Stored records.
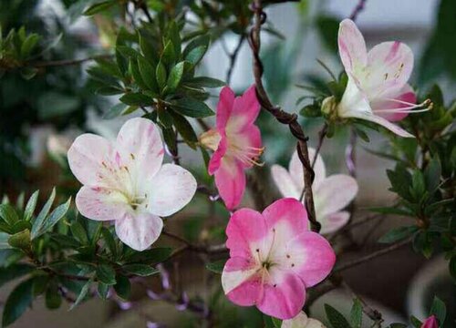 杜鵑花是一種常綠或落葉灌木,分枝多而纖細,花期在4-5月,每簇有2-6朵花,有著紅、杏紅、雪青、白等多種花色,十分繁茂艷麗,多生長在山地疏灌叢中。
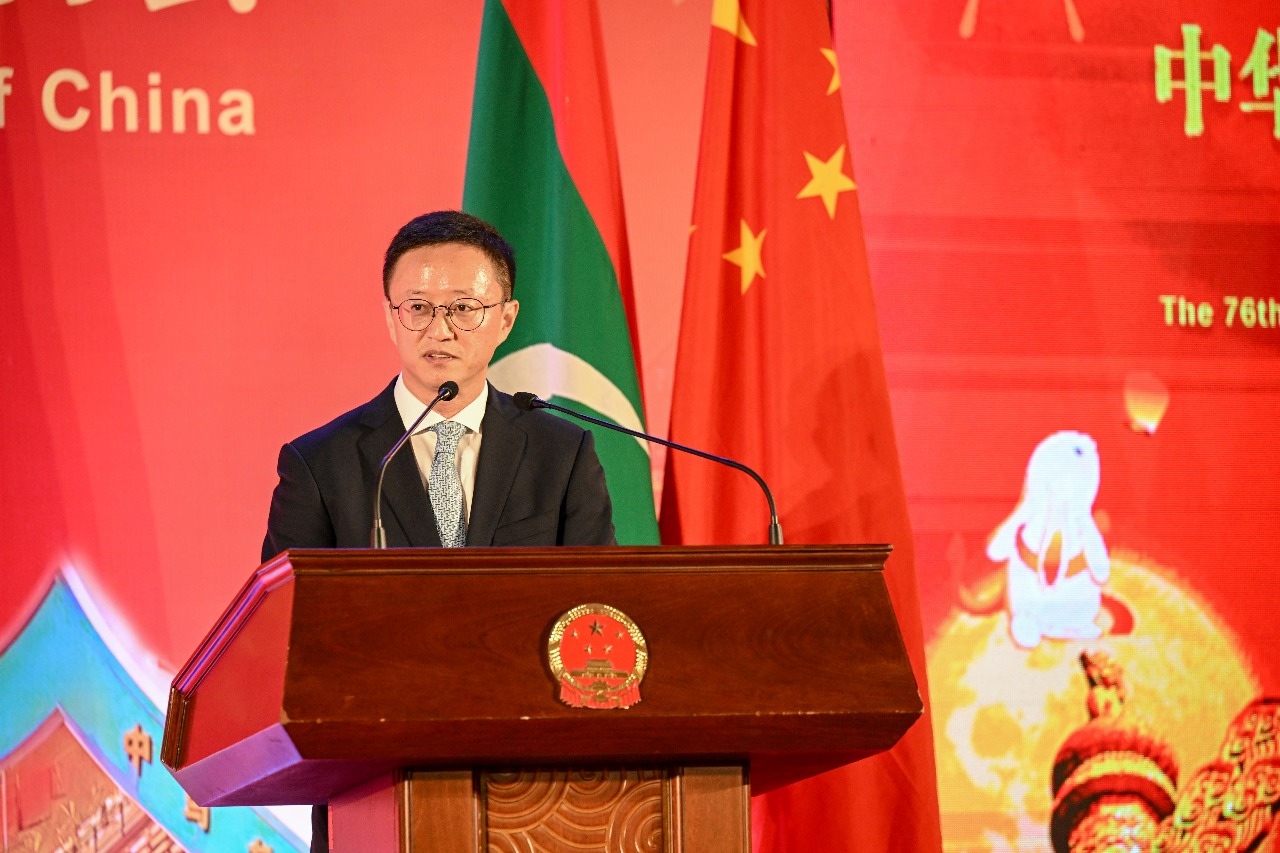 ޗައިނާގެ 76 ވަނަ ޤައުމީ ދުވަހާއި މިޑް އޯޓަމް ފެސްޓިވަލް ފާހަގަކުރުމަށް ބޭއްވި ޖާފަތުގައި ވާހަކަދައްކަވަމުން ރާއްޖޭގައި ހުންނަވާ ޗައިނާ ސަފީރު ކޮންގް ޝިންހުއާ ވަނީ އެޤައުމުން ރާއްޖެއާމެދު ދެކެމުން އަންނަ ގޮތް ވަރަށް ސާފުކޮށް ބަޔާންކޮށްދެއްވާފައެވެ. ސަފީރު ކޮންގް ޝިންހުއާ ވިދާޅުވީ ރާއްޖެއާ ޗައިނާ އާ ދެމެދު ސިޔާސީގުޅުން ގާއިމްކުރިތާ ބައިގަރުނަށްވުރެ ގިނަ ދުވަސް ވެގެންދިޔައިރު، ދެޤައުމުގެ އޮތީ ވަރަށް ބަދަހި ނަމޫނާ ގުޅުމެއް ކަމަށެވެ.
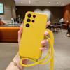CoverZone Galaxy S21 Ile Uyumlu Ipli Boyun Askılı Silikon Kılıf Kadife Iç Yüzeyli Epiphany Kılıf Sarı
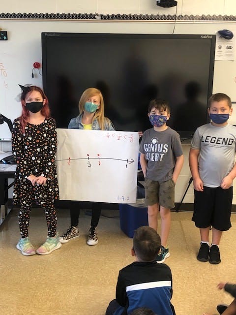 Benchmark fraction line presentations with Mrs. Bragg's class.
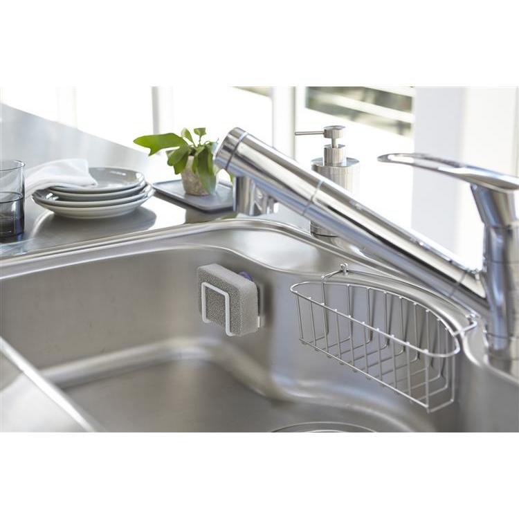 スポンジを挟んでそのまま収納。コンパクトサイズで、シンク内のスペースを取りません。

WHAT THIS TASK INVOLVES. Only the text of the entries above is to be given again, exactly, with the pictures left out.

EXERCISE SOLUTION.
 杜鵑花是一種常綠或落葉灌木,分枝多而纖細,花期在4-5月,每簇有2-6朵花,有著紅、杏紅、雪青、白等多種花色,十分繁茂艷麗,多生長在山地疏灌叢中。
 ޗައިނާގެ 76 ވަނަ ޤައުމީ ދުވަހާއި މިޑް އޯޓަމް ފެސްޓިވަލް ފާހަގަކުރުމަށް ބޭއްވި ޖާފަތުގައި ވާހަކަދައްކަވަމުން ރާއްޖޭގައި ހުންނަވާ ޗައިނާ ސަފީރު ކޮންގް ޝިންހުއާ ވަނީ އެޤައުމުން ރާއްޖެއާމެދު ދެކެމުން އަންނަ ގޮތް ވަރަށް ސާފުކޮށް ބަޔާންކޮށްދެއްވާފައެވެ. ސަފީރު ކޮންގް ޝިންހުއާ ވިދާޅުވީ ރާއްޖެއާ ޗައިނާ އާ ދެމެދު ސިޔާސީގުޅުން ގާއިމްކުރިތާ ބައިގަރުނަށްވުރެ ގިނަ ދުވަސް ވެގެންދިޔައިރު، ދެޤައުމުގެ އޮތީ ވަރަށް ބަދަހި ނަމޫނާ ގުޅުމެއް ކަމަށެވެ.
CoverZone Galaxy S21 Ile Uyumlu Ipli Boyun Askılı Silikon Kılıf Kadife Iç Yüzeyli Epiphany Kılıf Sarı
 Benchmark fraction line presentations with Mrs. Bragg's class.
 スポンジを挟んでそのまま収納。コンパクトサイズで、シンク内のスペースを取りません。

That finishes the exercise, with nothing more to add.